Book Groups and Inner Libraries

I will be meeting up with a couple of friends this evening. And we will talk about books. Instead of all reading the same book, we bring what we're reading and have sort of a Show-and-Tell, talking about the books we've liked, as well as ones we haven't.

I like this better than what seems to be a more conventional book group, where everyone reads the same book and then talks about it. These groups have resulted in the ubiquitous, and to me annoying, readers' group guides at the end of so many books these days. The readers' guide questions often seem to be comprehension questions, the kind of questions a teacher would devise to make sure that the students read the book (and I oughta know, I used to be a teacher). These kind of questions seem to suck the life out of a book. If I have the choice of getting a book with or without a readers' guide, I'll choose without.

In How to Talk About Books You Haven’t Read by Pierre Bayard, the author talks about our inner libraries…
“We might use the term inner library to characterize the set of books – a subset of the collective library – around which every personality is constructed, and which then shapes each person’s individual relationship to books and to other people…
“That it is that in truth we never talk about a book unto itself; a whole set of books always enters the discussion through the portal of a single title, which serves as a temporary symbol for a complete conception of culture. In every such discussion, our inner libraries – built within us over the years and housing all our secret books – come into contact with the inner libraries of others, potentially provoking all manner of friction and conflict.
“For we are more than simple shelters for our inner libraries; we are the sum of these accumulated books. Little by little these books have made us who we are, and they cannot be separated from us without causing suffering. …comments that challenge the books in our inner libraries, attacking what has become a part of our identity, may wound us to the core of our being.”

The whole inner library thing is really sticking with me…what a perfect term.
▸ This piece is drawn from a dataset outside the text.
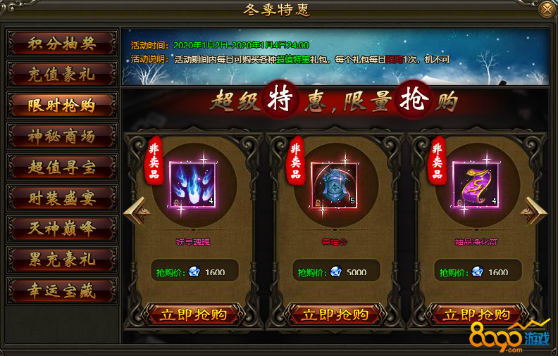 2.活动期间内,神秘商场每日刷新各种珍稀道具,打折出售限量抢购。
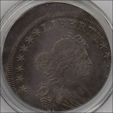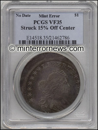 This Draped Bust Dollar mint error is well known in the numismatic community since it is the furthest off-center known. It was struck a full 15% off-center. It is attractively toned and was conservatively graded.

We all have inner libraries, and what an interesting job I have to be able to talk to people about their inner libraries, as well as my own.

So tonight I'll be bringing:
Eternal on the Water by Joseph Monninger (almost finished, am enjoying it)
Changing My Mind by Zadie Smith
The Murderer's Daughters by Randy Susan Meyers
Cowboy and Wills by Monica Holloway
Even the Dogs by Jon McGregor
One Amazing Thing by Chitra Banerjee Divakaruni (haven't read it yet, got an advance reader copy)

I'm interested to see what my friends will be bringing!